If the bankruptcy proceedings play out as listed in the letter, THQ will no longer exist as a company, according to Farrell and Rubin.
Relic primarily develops strategy games on PCs and consoles, including critically acclaimed recent titles like Warhammer 40,000: Dawn of War 2 and Company of Heroes, the latter of which is set to receive a sequel this spring. The studio also has a project codenamed "Atlas" in development and scheduled for release in 2014, according to THQ's bankruptcy filing.
An auction summary filed with the federal bankruptcy court in Delaware indicates that the acquisition of Relic would cover the studio and the Company of Heroes IP. The fate of the Warhammer 40,000 series — the rights for which are licensed from their owner, Games Workshop — remains unknown at this time.
"I now work for Sega. Neat"
Sega's current portfolio includes the Total War strategy games developed by The Creative Assembly. Last month, the publisher announced a licensing agreement with Games Workshop for a new team at The Creative Assembly to develop games set in the Warhammer universe; the first one is set for release sometime after 2013.

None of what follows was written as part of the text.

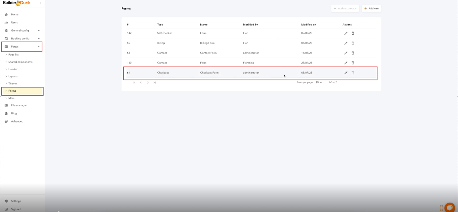 Para solicitar a foto do documento de identidade e/ou da carteira de motorista no formulário de finalização da compra, acesse Páginas na barra lateral e selecione Formulários. Em seguida, acesse o formulário de checkout.

"It has been our privilege to work alongside the entire THQ team," Farrell and Rubin said. "While the company will cease to exist, we are heartened that the majority of our studios and games will continue under new ownership."
We're reporting live from the hearing and will continue to bring you updates on the story as they come in.
Update: A Sega representative told Polygon, "We have no comment at this time."